Christopher Carpenter, an associate professor of economics and public policy at UC Irvine, discussed Tuesday his latest research, which finds — among other things — that legal recognition of same-sex marriage affects homosexuals’ choices to marry but does not lead to a decline in heterosexual marriage.
Carpenter spoke at an event hosted by USC’s Center for Health Policy and Economics as part of its Quintiles Health Policy Seminar Series.
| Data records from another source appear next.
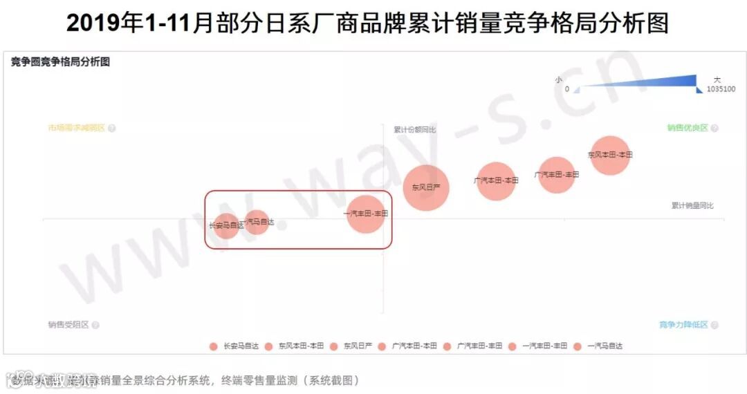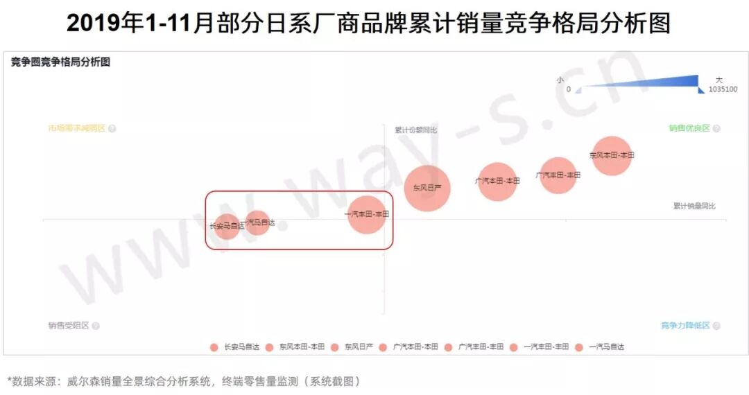 马自达品牌上半年鲜有新车上市,下半年虽然旗下三款车型有更新动作,包括9月长安马自达-马自达3昂克赛拉三厢的换代、11月一汽马自达-CX-4的改款、8月一汽马自达-马自达6 阿特兹的改款,但受新车终端优惠较少等因素影响,销量表现相对逊色。据威尔森销量全景综合分析系统,长安马自达与一汽马自达均处于销量受阻区。
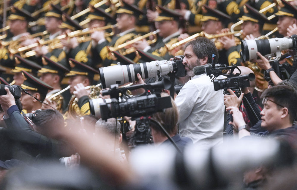 2026年3月5日上午,第十四屆全國人民代表大會第四次會議在北京人民大會堂開幕。這是記者在會場采訪。新華社記者 王曦 攝
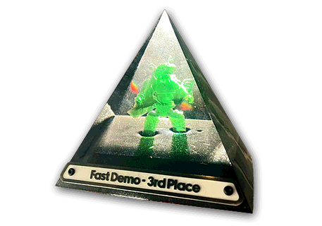 I also took part in the trophy compo and the fast compo, with an unrecognizable rotozoomer and a hastily scribbled animation, respectively. But I did win a sharp little trophy with that! (It’s actually razor-sharp around the edges…)
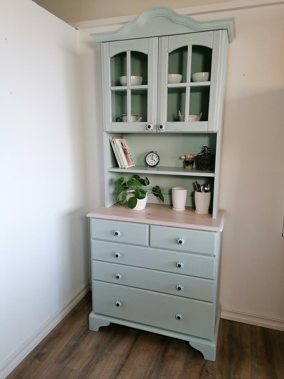 Männipuidust vitriinkapp, värvitud, kergelt vanandatud ja lakitud. Värv õrn pardimuna, toon-toonis keraamilised käepidemed. Tööpind valge peits + lakk. Mahukad täispuidust sahtlid.
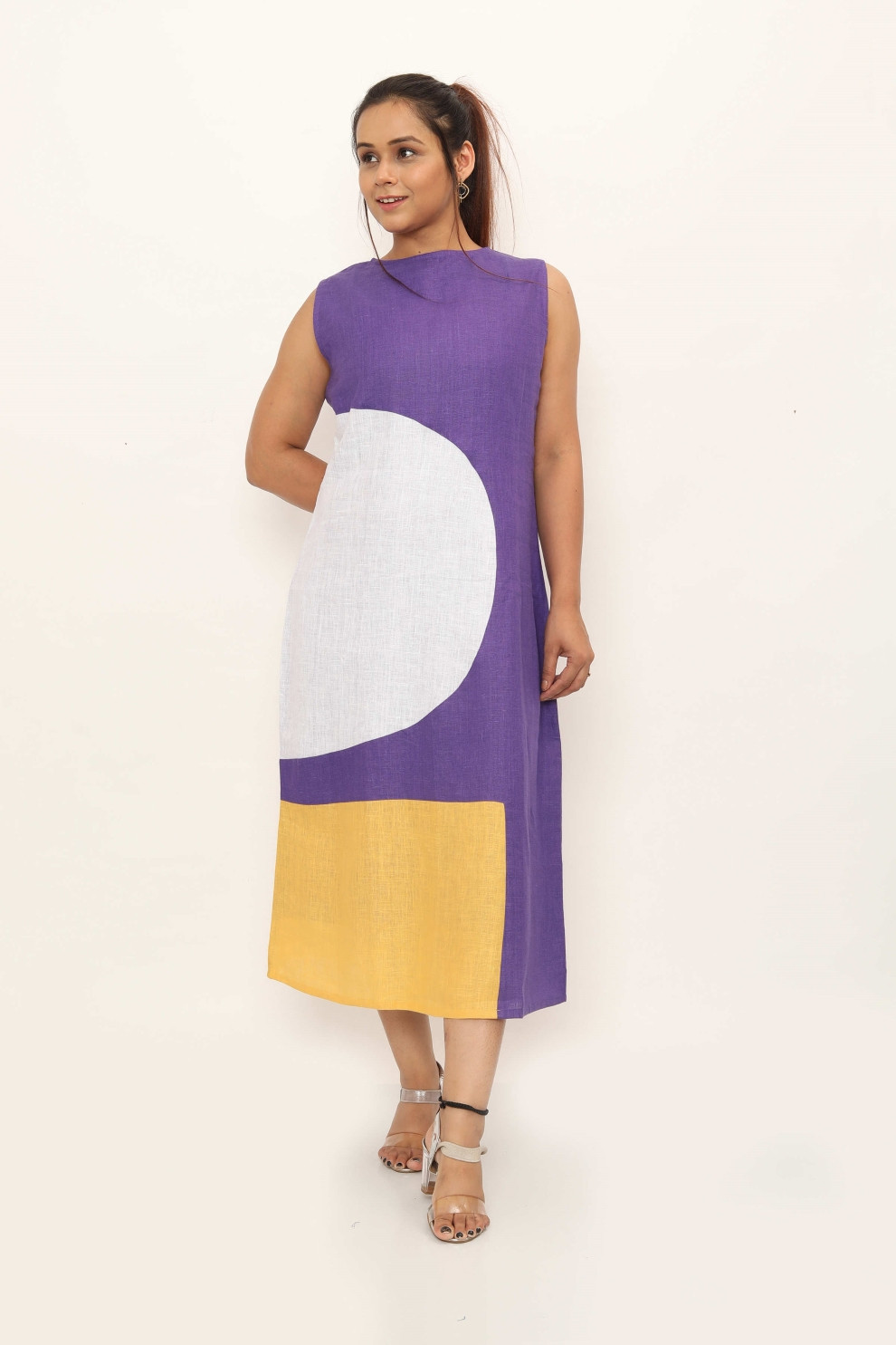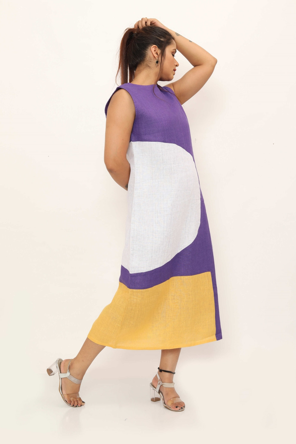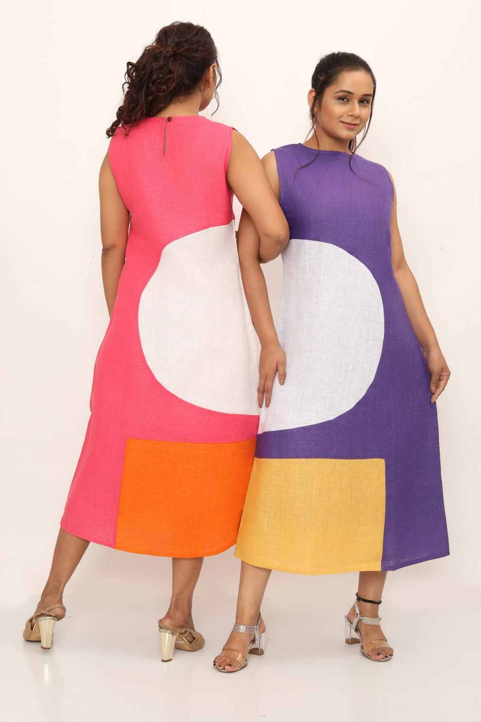 Introducing the Malibu Dress - a figure-enhancing maxi dress designed to elevate your ensemble effortlessly. Featuring a large circular joint on the right side of the waist and a sizable rectangular patch at the bottom right, each patch boasts a unique colour, enhancing its visual appeal. For a laid-back beach look, pair it with woven sandals and a wide-brimmed hat. To transition to an evening affair, accessorise with statement earrings and strappy heels for a touch of glamour.

His research, which examines the effects of legalizing same-sex marriage, focused on the states of California and Massachusetts.
In Massachusetts, Carpenter said gay marriage has had no effects on the marital rates of straight women.
“There are no negative deleterious effects on heterosexual marriages, at least as measured by the proportion of women that get married,” Carpenter said.
He said his research found an increase in the rate of lesbians who identify themselves as married after Massachusetts legalized gay marriage.
“Legalized same-sex marriage induced both bisexual women and lesbian women, particularly bisexual women, to tie the knot,” Carpenter said. “There is some proportion of lesbian women who say that they are married even in the period when [same-sex marriage] was not legal, and those are probably people in long-term relationships, who consider [themselves] married.”
His findings showed a similar trend in marriage rates for men, Carpenter said.
Carpenter’s presentation covered a wide range of issues concerning same-sex marriage, including data showing differences between male and female LGBT populations.
One such difference was the differences in marriage rates of gay men and lesbians. Carpenter referred to a graph that showed a greater increase in lesbian marriages than in marriages of gay men.
“This basically says that gay guys don’t formalize,” Carpenter said. “So lesbians formalize and gay guys don’t.”
One reason for this trend, Carpenter suggested, is that lesbian women are more likely to have children in their household compared to gay men.
“Legal benefits to marriage if you have kids are enormous, whereas the legal benefits if you don’t have kids … are not as large,” Carpenter said. “So that’s what we think is going on as to why the lesbian increase is way bigger than the gay increase.”
He also pointed out bisexuals were a minority among the male LGBT population, but not the female population.
The presentation followed a free-flowing format where those in attendance were allowed to ask about research and make suggestions for improvements that could be made to his research. Carpenter’s research is not yet complete but will be published shortly after its finalization.